-- Exercise brief --
Every line from the one with "辩论总是在思想的碰撞中闪耀智" up to and including the one with "2023年,中國(guó)煤" is to be output exactly as it appears below; pictures are not.

Task inputs: Begin

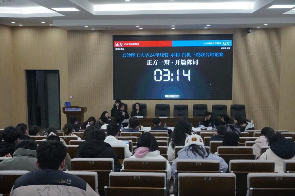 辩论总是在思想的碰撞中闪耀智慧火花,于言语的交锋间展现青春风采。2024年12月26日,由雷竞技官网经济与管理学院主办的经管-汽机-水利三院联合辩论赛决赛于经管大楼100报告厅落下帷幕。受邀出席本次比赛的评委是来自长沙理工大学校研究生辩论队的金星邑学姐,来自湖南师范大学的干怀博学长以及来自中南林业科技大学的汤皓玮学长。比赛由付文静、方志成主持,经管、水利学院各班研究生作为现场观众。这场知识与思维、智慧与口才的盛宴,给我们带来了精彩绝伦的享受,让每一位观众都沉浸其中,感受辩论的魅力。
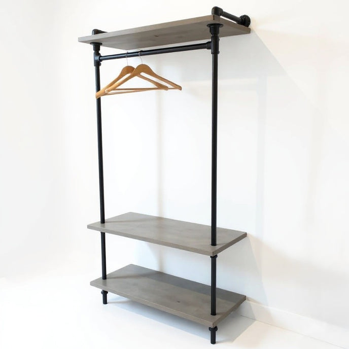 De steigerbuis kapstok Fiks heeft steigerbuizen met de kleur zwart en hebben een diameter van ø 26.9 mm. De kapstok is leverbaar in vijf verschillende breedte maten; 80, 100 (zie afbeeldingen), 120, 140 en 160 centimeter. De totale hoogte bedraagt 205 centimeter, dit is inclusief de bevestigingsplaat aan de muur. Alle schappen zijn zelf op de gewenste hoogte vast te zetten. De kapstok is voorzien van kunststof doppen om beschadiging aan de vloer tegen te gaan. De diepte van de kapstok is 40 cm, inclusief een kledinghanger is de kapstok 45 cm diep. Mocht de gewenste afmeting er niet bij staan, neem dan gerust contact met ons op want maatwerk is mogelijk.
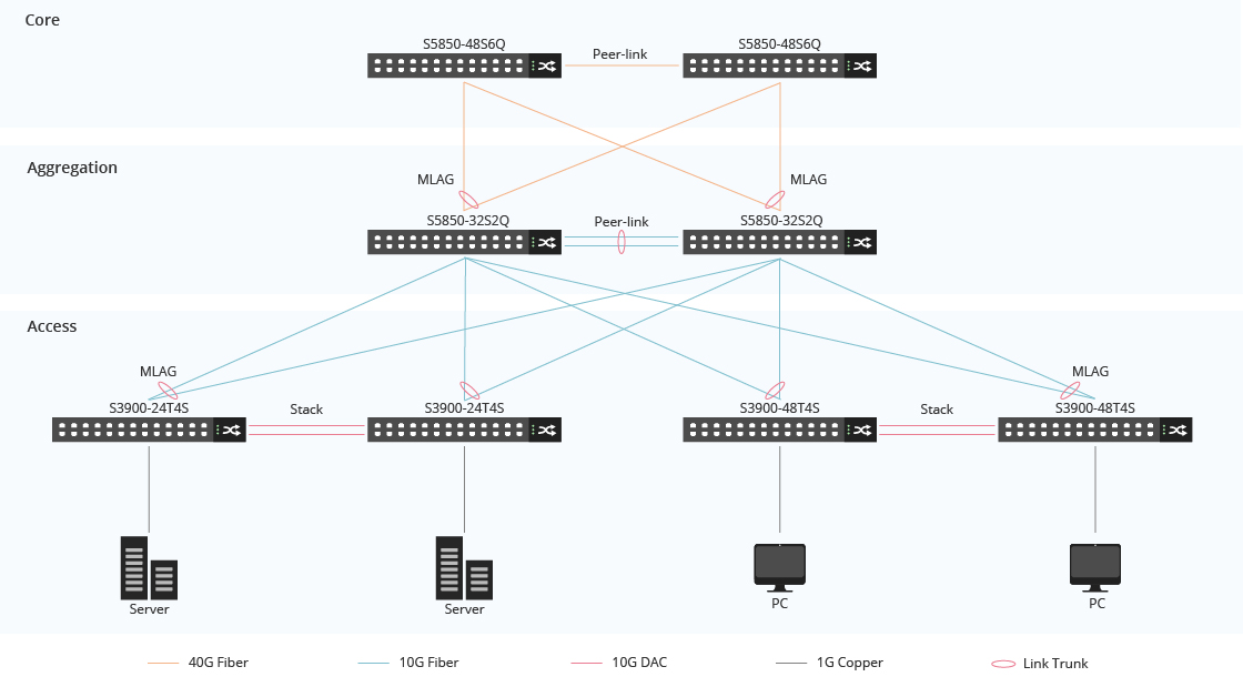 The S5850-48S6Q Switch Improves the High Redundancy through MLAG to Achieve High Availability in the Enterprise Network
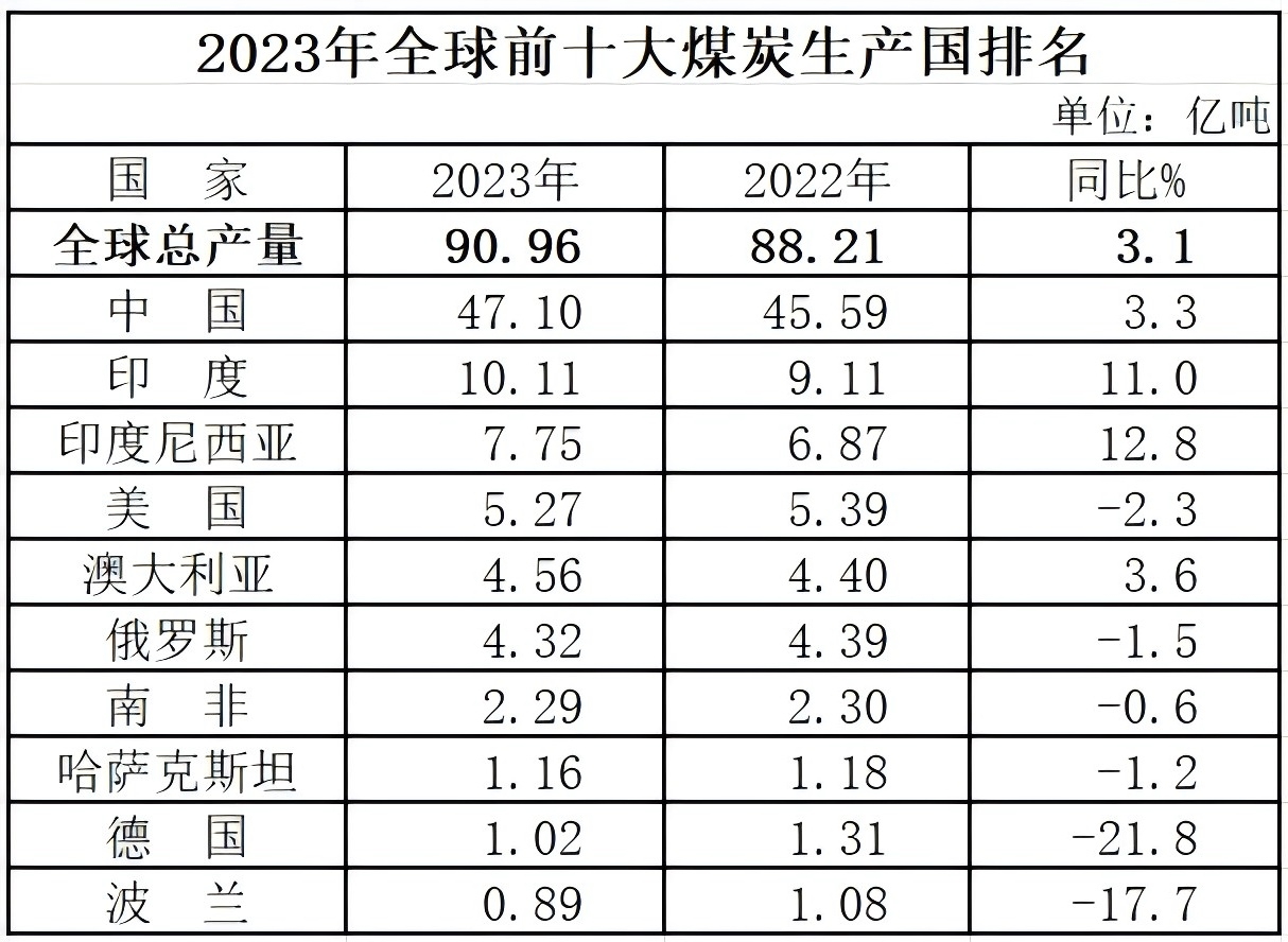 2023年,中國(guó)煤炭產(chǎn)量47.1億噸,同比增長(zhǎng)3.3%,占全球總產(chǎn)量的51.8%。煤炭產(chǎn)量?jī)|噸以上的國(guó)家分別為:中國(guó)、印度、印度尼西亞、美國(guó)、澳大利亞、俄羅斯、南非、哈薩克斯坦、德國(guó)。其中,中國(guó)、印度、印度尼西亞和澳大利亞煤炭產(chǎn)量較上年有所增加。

Task inputs: End
Task inputs: Begin

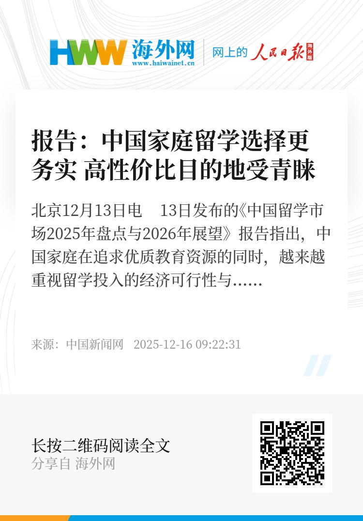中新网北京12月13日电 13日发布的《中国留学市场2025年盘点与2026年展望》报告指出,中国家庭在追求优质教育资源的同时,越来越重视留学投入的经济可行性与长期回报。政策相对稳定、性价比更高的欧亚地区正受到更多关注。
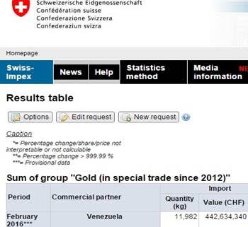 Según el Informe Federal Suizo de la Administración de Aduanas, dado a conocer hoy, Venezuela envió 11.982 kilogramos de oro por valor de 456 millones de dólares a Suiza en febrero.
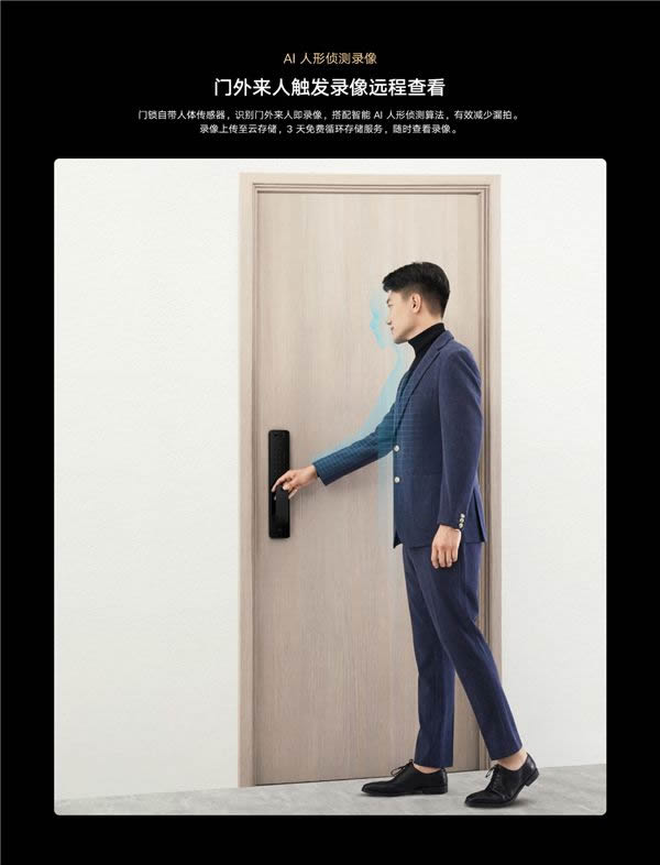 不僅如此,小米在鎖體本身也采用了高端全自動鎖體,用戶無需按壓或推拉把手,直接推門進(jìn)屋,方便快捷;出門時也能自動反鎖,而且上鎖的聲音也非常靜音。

Task inputs: End

-- Problem solution --
 辩论总是在思想的碰撞中闪耀智慧火花,于言语的交锋间展现青春风采。2024年12月26日,由雷竞技官网经济与管理学院主办的经管-汽机-水利三院联合辩论赛决赛于经管大楼100报告厅落下帷幕。受邀出席本次比赛的评委是来自长沙理工大学校研究生辩论队的金星邑学姐,来自湖南师范大学的干怀博学长以及来自中南林业科技大学的汤皓玮学长。比赛由付文静、方志成主持,经管、水利学院各班研究生作为现场观众。这场知识与思维、智慧与口才的盛宴,给我们带来了精彩绝伦的享受,让每一位观众都沉浸其中,感受辩论的魅力。
 De steigerbuis kapstok Fiks heeft steigerbuizen met de kleur zwart en hebben een diameter van ø 26.9 mm. De kapstok is leverbaar in vijf verschillende breedte maten; 80, 100 (zie afbeeldingen), 120, 140 en 160 centimeter. De totale hoogte bedraagt 205 centimeter, dit is inclusief de bevestigingsplaat aan de muur. Alle schappen zijn zelf op de gewenste hoogte vast te zetten. De kapstok is voorzien van kunststof doppen om beschadiging aan de vloer tegen te gaan. De diepte van de kapstok is 40 cm, inclusief een kledinghanger is de kapstok 45 cm diep. Mocht de gewenste afmeting er niet bij staan, neem dan gerust contact met ons op want maatwerk is mogelijk.
 The S5850-48S6Q Switch Improves the High Redundancy through MLAG to Achieve High Availability in the Enterprise Network
 2023年,中國(guó)煤炭產(chǎn)量47.1億噸,同比增長(zhǎng)3.3%,占全球總產(chǎn)量的51.8%。煤炭產(chǎn)量?jī)|噸以上的國(guó)家分別為:中國(guó)、印度、印度尼西亞、美國(guó)、澳大利亞、俄羅斯、南非、哈薩克斯坦、德國(guó)。其中,中國(guó)、印度、印度尼西亞和澳大利亞煤炭產(chǎn)量較上年有所增加。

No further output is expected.